Exhibit 9(a)
FORM OF MANAGEMENT AGREEMENT
LANDMARK FUNDS I
CitiSelect(SM) Folio 100
MANAGEMENT AGREEMENT, dated as of ______________ ___, 1997, by and between
Landmark Funds I, a Massachusetts trust (the "Trust"), and Citibank, N.A., a
national banking association ("Citibank" or the "Adviser").
W I T N E S S E T H:
WHEREAS, the Trust engages in business as an open-end management
investment company and is registered as such under the Investment Company Act of
1940, as amended (collectively with the rules and regulations promulgated
thereunder, the "1940 Act"), and
WHEREAS, the Trust wishes to engage Citibank to provide certain investment
advisory and administrative services for the series of the Trust designated as
CitiSelect(SM) Folio 100 (the "Fund"), and Citibank is willing to provide such
investment advisory and administrative services for the Fund on the terms and
conditions hereinafter set forth.
NOW, THEREFORE, in consideration of the mutual covenants and agreements of
the parties hereto as herein set forth, the parties covenant and agree as
follows:
1. Duties of Citibank.
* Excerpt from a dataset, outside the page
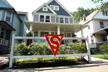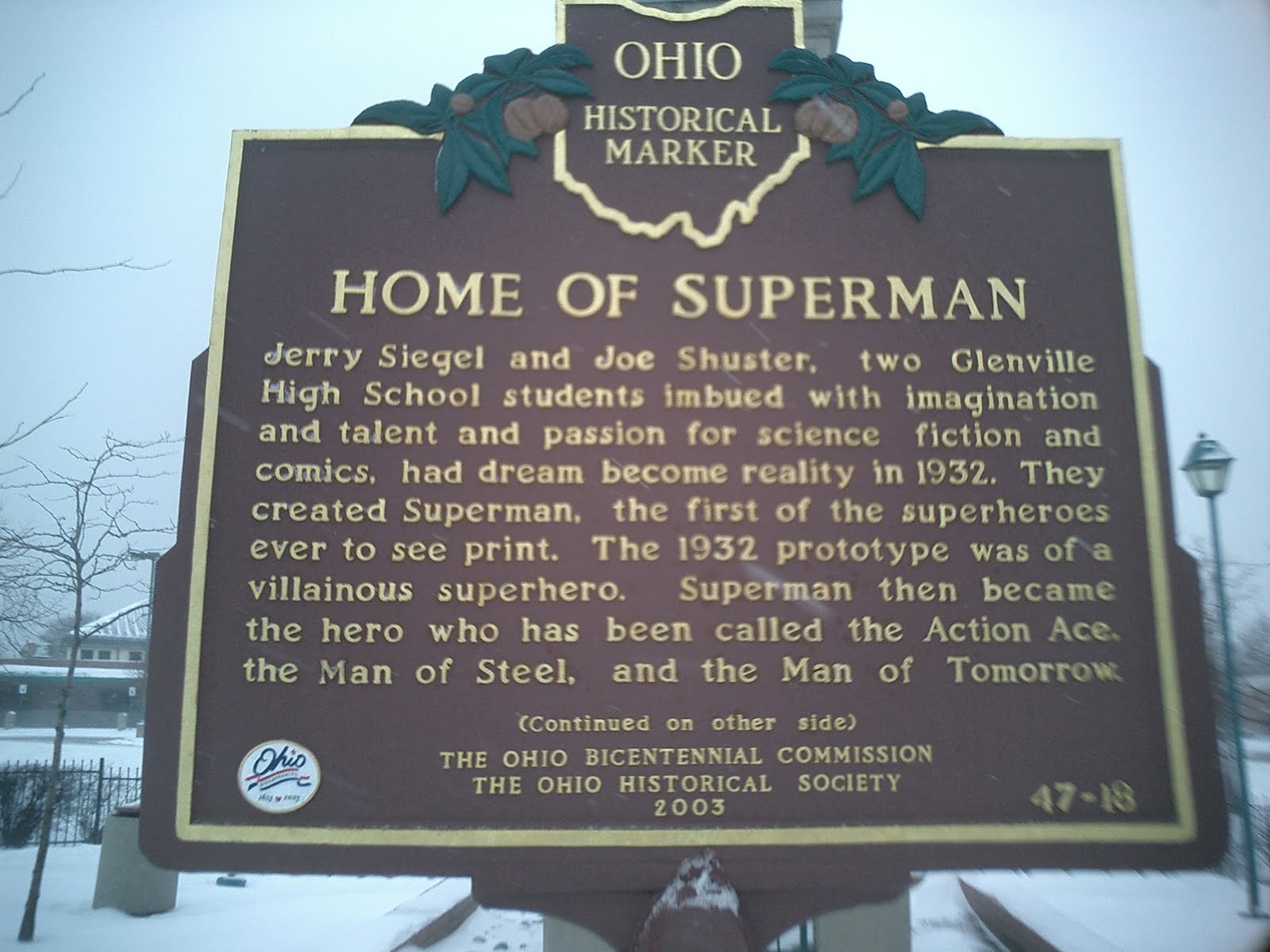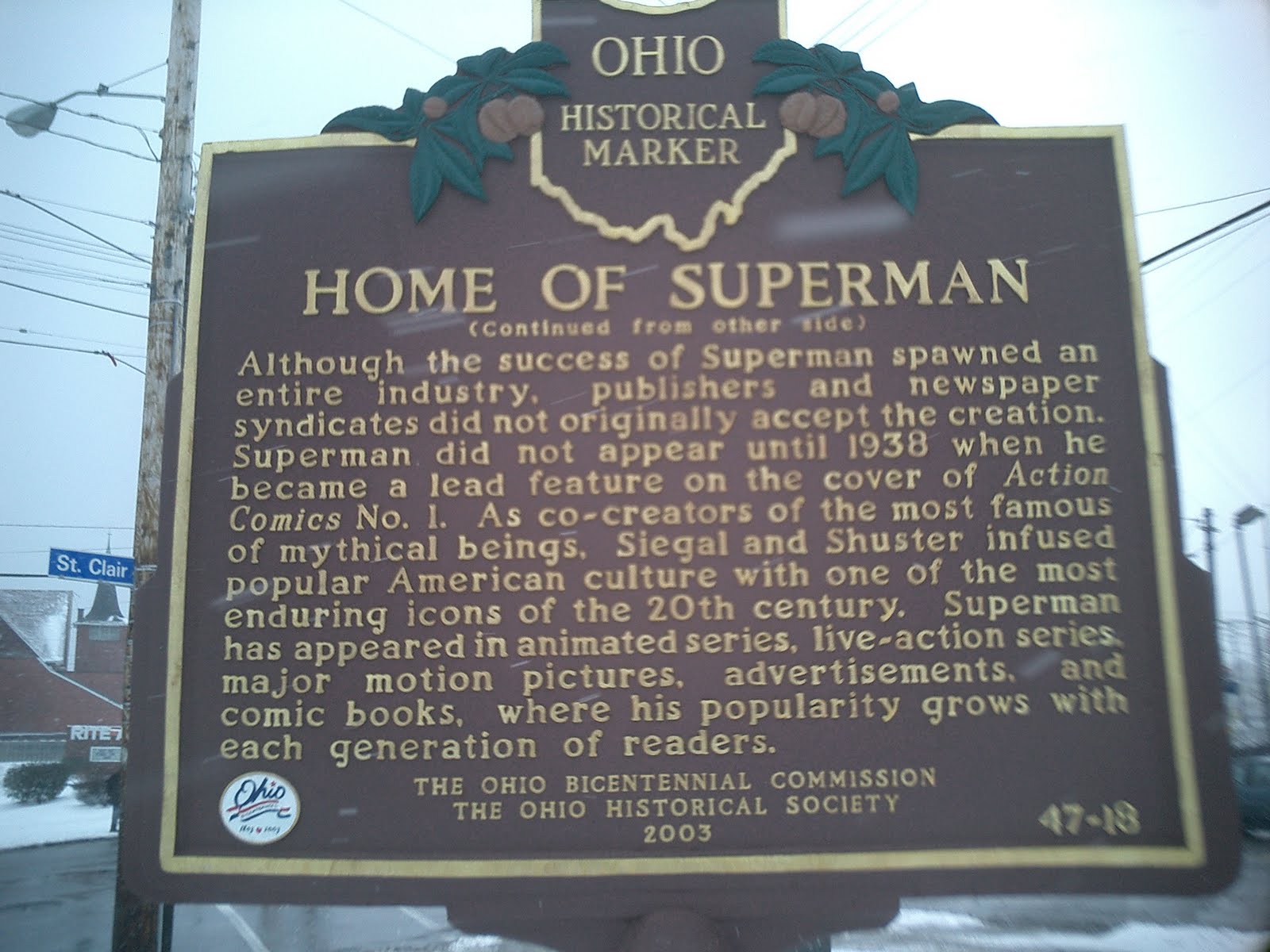 Joe's house: No longer standing. Now an apartment/duplex at corner of Parkwood and Amor with a commemorative Superman fence (displaying a blown-up version of the first Superman story) in front.Ohio Historical Plaque: corner of E. 105 and St. Clair. The first (and, for years, only) official acknowledgment of Siegel and Shuster in Cleveland.
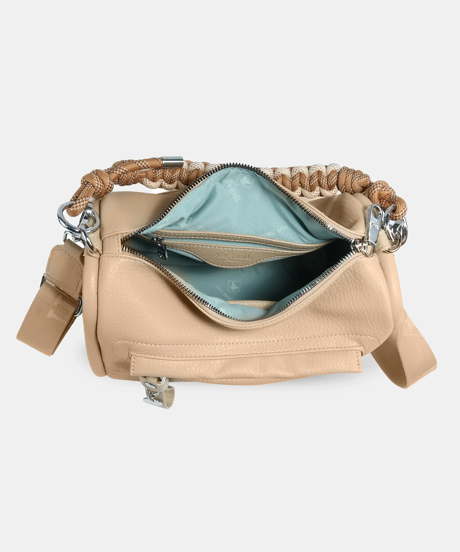 El bolso de mano 261140 de Pepe Moll destaca por su diseño actual y por un detalle que marca la diferencia: su original asa superior trenzada, que aporta personalidad y un toque moderno al conjunto. Su silueta estructurada lo convierte en un bolso cómodo y estiloso para acompañarte en cualquier momento del día.

Subject to the direction and control of the
Board of Trustees of the Trust, Citibank shall perform such administrative and
management services as may from time to time be reasonably requested by the
Trust, which shall include without limitation: (a) providing office space,
equipment and clerical personnel necessary for maintaining the organization of
the Trust and for performing the administrative and management functions herein
set forth; (b) supervising the overall administration of the Trust, including
negotiation of contracts and fees with and the monitoring of performance and
xxxxxxxx of the Trust's transfer agent, shareholder servicing agents, custodian
and other independent contractors or agents; (c) preparing and, if applicable,
filing all documents required for compliance by the Trust with applicable laws
and regulations, including registration statements, prospectuses and statements
of additional information, semi-annual and annual reports to shareholders, proxy
statements and tax returns; (d) preparation of agendas and supporting documents
for and minutes of meetings of Trustees, committees of Trustees and
shareholders; and (e) arranging for maintenance of books and records of the
Trust. Notwithstanding the foregoing, Citibank shall not be deemed to have
assumed any duties with respect to, and shall not be responsible for, the
distribution of shares of beneficial interest in the Fund, nor shall Citibank be
deemed to have assumed or have any responsibility with respect to functions
specifically assumed by any transfer agent, Fund accounting agent, custodian or
shareholder servicing agent of the Trust or the Fund. In providing
administrative and management services as set forth herein, Citibank may, at its
own expense, employ one or more subadministrators; provided that Citibank shall
remain fully responsible for the performance of all administrative and
management duties set forth herein and shall supervise the activities of each
subadministrator.
2. Allocation of Charges and Expenses. Citibank shall furnish at its
own expense all necessary services, facilities and personnel in connection with
its responsibilities under Section 1 above. Except as provided in the foregoing
sentence, it is understood that the Trust will pay from the assets of the Fund
all of its own expenses allocable to the Fund including, without limitation,
organization costs of the Fund; compensation of Trustees who are not "interested
persons" of the Trust; governmental fees; interest charges; loan commitment
fees; taxes; membership dues in industry associations allocable to the Trust;
fees and expenses of independent auditors, legal counsel and any transfer agent,
distributor, shareholder servicing agent, registrar or dividend disbursing agent
of the Trust; expenses of issuing and redeeming shares of beneficial interest
and servicing shareholder accounts; expenses of preparing, typesetting, printing
and mailing prospectuses, statements of additional information, shareholder
reports, notices, proxy statements and reports to governmental officers and
commissions and to existing shareholders of the Fund; expenses connected with
the execution, recording and settlement of security transactions; insurance
premiums; fees and expenses of the custodian for all services to the Fund,
including safekeeping of funds and securities and maintaining required books and
accounts; expenses of calculating the net asset value of the Fund (including but
not limited to the fees of independent pricing services); expenses of meetings
of the Fund's shareholders; expenses relating to the issuance, registration and
qualification of shares of the Fund; and such non-recurring or extraordinary
expenses as may arise, including those relating to actions, suits or proceedings
to which the Trust on behalf of the Fund may be a party and the legal obligation
which the Trust may have to indemnify its Trustees and officers with respect
thereto.
3. Compensation of Citibank. For the services to be rendered and the
facilities to be provided by Citibank hereunder, the Trust shall pay to Citibank
from the assets of the Fund a management fee computed daily and paid monthly at
an annual rate equal to 0.10% of the Fund's average daily net assets for the
Fund's then-current fiscal year. If Citibank provides services hereunder for
less than the whole of any period specified in this Section 3, the compensation
to Citibank shall be accordingly adjusted and prorated.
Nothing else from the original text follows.